The problem: the null hypothesis doesn't reflect the actual distribution of plate defects.
New null hypothesis: the deficit is caused by a uniform random coverage of the plates.
Villarroel finds 0.32% of transients in the shadow, versus 0.53% expected. This means that the actual plate coverage pattern deviates from a uniform coverage by more than a factor of 2. Yet table 4 shows only the values for the uniform coverage, that she herself proved false. Plus, with the 80Mm altitude, she finds even less of a deficit! No explanation.
Then she does a great thing:
External Quote:
As a quick check, nevertheless, we also test by masking edge transients (>2° from plate center) to remove all artifacts close to the plate edge. Removing the edge of the plate in the analysis, yields a similar ∼30% deficit in Earth's shadow,
This is motivated by the grid pattern in the data that we've also found (after Hambly & Blair pointed it out), see e.g. https://www.metabunk.org/threads/digitized-sky-survey-poss-1.14385/post-355943 . And it proves that the shadow effect is bogus.
Note that the paper is skimpy on numbers here. The 2⁰ cut removes about half of the plate area (4⁰ vs. 6⁰ diameter, aka 16:36), but many more plate defects, since the grid pattern is caused by plate defects. So if there are orbital objects, the data should still have about 50% of these, but maybe only 10% of the plate defects. (I don't really know the number, but it's substantially less than 50%.) But the shadow deficit shrunk from 39% to 30%! It should have done the opposite!
We now know that the edge half of the plates has a stronger shadow deficit than the center half. This falsifies Villarroel's finding.
Hypothetical example, with numbers instead of algebra:
Assume 106,339 data points. 349 points are found in Earth's shadow, but we expected 564 points. We have a deficit of 215 points. We can then split our sample in 65850 sources that are uniformly randomly distributed, and 40489 sources that are uniform everywhere but never in shadow.
What happens when we cut the edges off? If the edges are mostly plate artifacts, which are shadow agnostic, we may be left with, say, 10% of the 65850=6585. The shadow avoiders are supposed to not favor edges, so we're keeping 16/36 of 40489=17995, we have a total of 24580 transients, with 35 in the shadow. 35/24580=0.14% versus 0.53%, that's a 73% deficit. The hypothetical deficit has doubled! Yet the real deficit did not.
Instead, we saw a 30% deficit. We'd expect 0.53% of the 24580 samples (130) to be in shadow if there was no shadow effect. With a 30% deficit, we actually found 91. That means our sample is now split in 17170 uniformly distributed sources and 7410 shadow avoiders. The edge cut eliminated 48680 of 65850 uniformly distributed sources, and 33079 of 40489 shadow avoiders.
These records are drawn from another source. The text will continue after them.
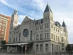 The Union Station of Louisville, Kentucky is a historic railroad station that serves as offices for the Transit Authority of River City (TARC), as it has since mid-April 1980 after receiving a year-long restoration costing approximately $2 million. It was one of at least five union stations in Kentucky, amongst others located in Lexington, Covington, Paducah and Owensboro. It was one of three stations serving Louisville, the others being Central Station and Southern Railway Station. It superseded previous, smaller, railroad depots located in Louisville, most notably one located at Tenth and Maple in 1868-1869, and another L&N station built in 1858. The station was formally opened on September 7, 1891 by the Louisville and Nashville Railroad. There was a claim made at the time that it was the largest railroad station in the Southern United States, covering forty acres (16 ha).[2] The other major station in Louisville was Central Station, serving the Baltimore and Ohio, the Illinois Central and other railroads.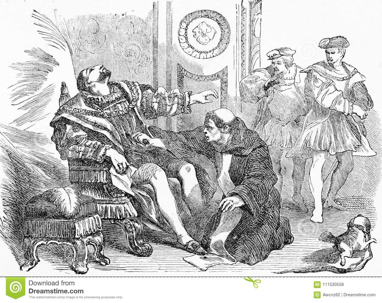 Amaneció el 1.° de Agosto, día de San Pedro Advincula, (Jacobo Clement) celebró el santo sacrificio y fue a ver al rey, que hubo de llamarle al dejar el lecho, cuando aún no estaba vestido. Trabadas algunas razones por entrambas partes, y habiéndose Jacobo allegado al rey a golpe de mano, simula acción de ir a entregalle otras cartas, y ábrele súbito honda herida en el vientre con un puñal enherbolado que llevaba en la misma mano encubierto. ¡Valor insigne! ¡Hazaña memorable! Traspasado de dolor el rey, hiere con el mismo puñal el pecho y un ojo de su agresor, clamando al mismo tiempo: ¡Al traidor! ¡Al Parricida! En esto entran los palaciegos, conmovidos por tan inesperado suceso, y se encarnizan con crueldad y fiereza en multiplicar las heridas del ya postrado y cuasi exánime Jacobo, el cual, sin proferir una palabra, mostraba, empero, en su faz lo alegre y satisfecho que estaba de haber llevado a cabo su intento de evitar penas, para las cuales acaso flacas hubieran sido sus fuerzas, y dejar a la postre redimida con su propia sangre la libertad de la patria y del pueblo.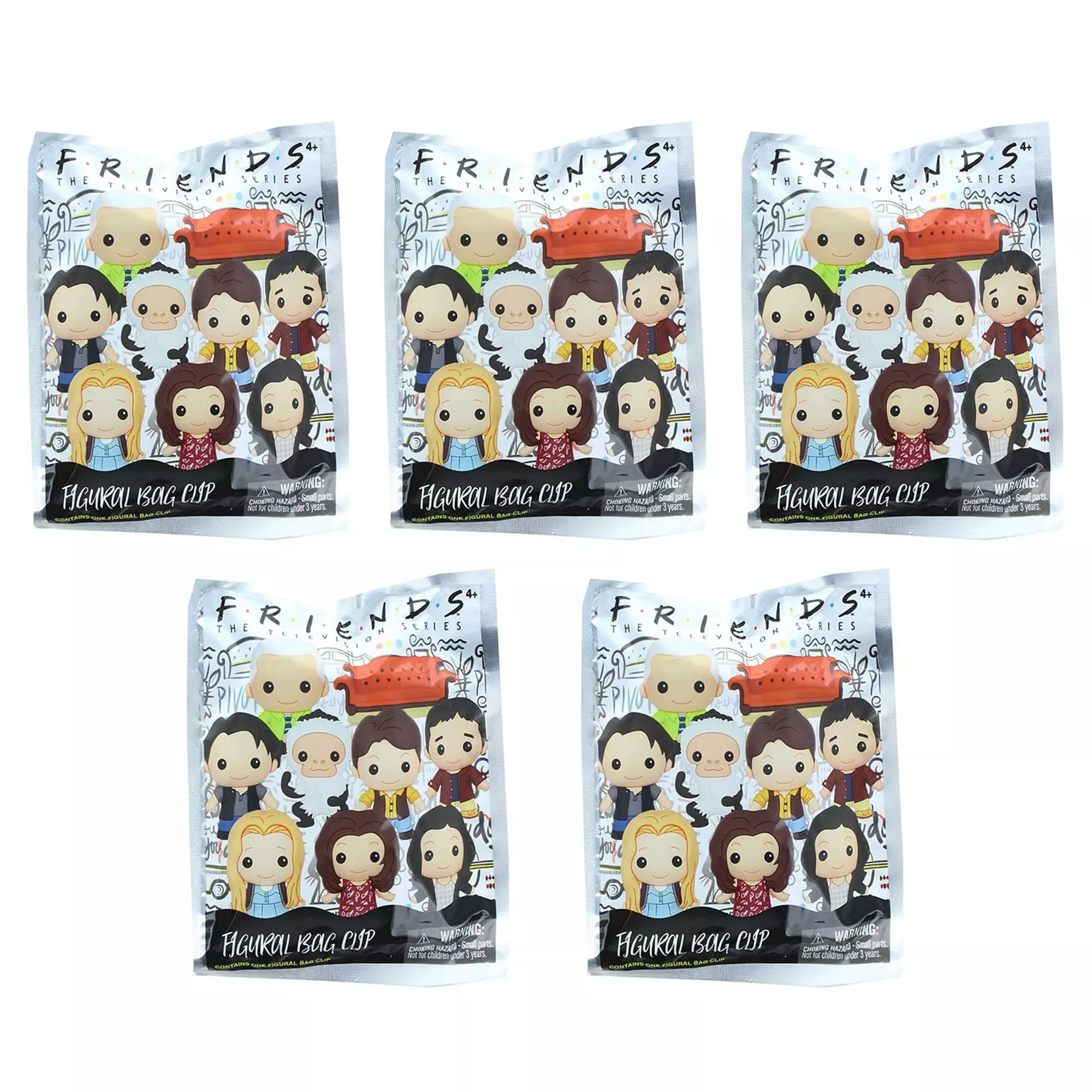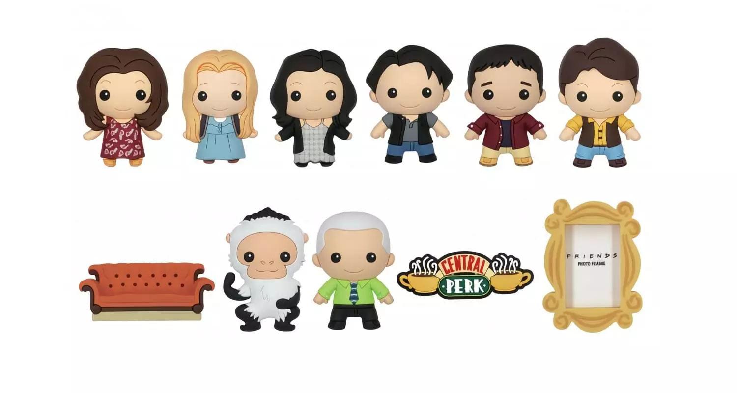 Monogram presents a blind bagged series of 3D Foam Figural Bag Clips based on the hit sitcom Friends! Series 1 includes Rachel, Phoebe, Monica, Joey, Ross, Chandler, the couch, Marcel, and Gunther. Plus, keep an eye out for the special rare Central Perk and mirror photo-frame chase figures! Each character has a sturdy clip attachment so you can take them with you wherever you go! Each blind bag includes one figural bag clip. Figure selection is random. Which one will you get? Collect them all!

This means we have 33078 shadow avoiders in the edges, and 7410 shadow avoiders in the centers of the plates, although these areas are roughly equal. And that should not happen. (The only way to get this to work out is to assume that there are more defects near the centers of the plates, and that's clearly not the case.)
This is only possible if the data that Villarroel expects to be uniformly distributed is in fact not uniformly distributed. Her null hypothesis is wrong.
If we can replicate her data, we can hopefully show why that is.
And we won't be doing it by trying "random patterns". As with flight 1168, we'll try to show exactly what data causes the effect.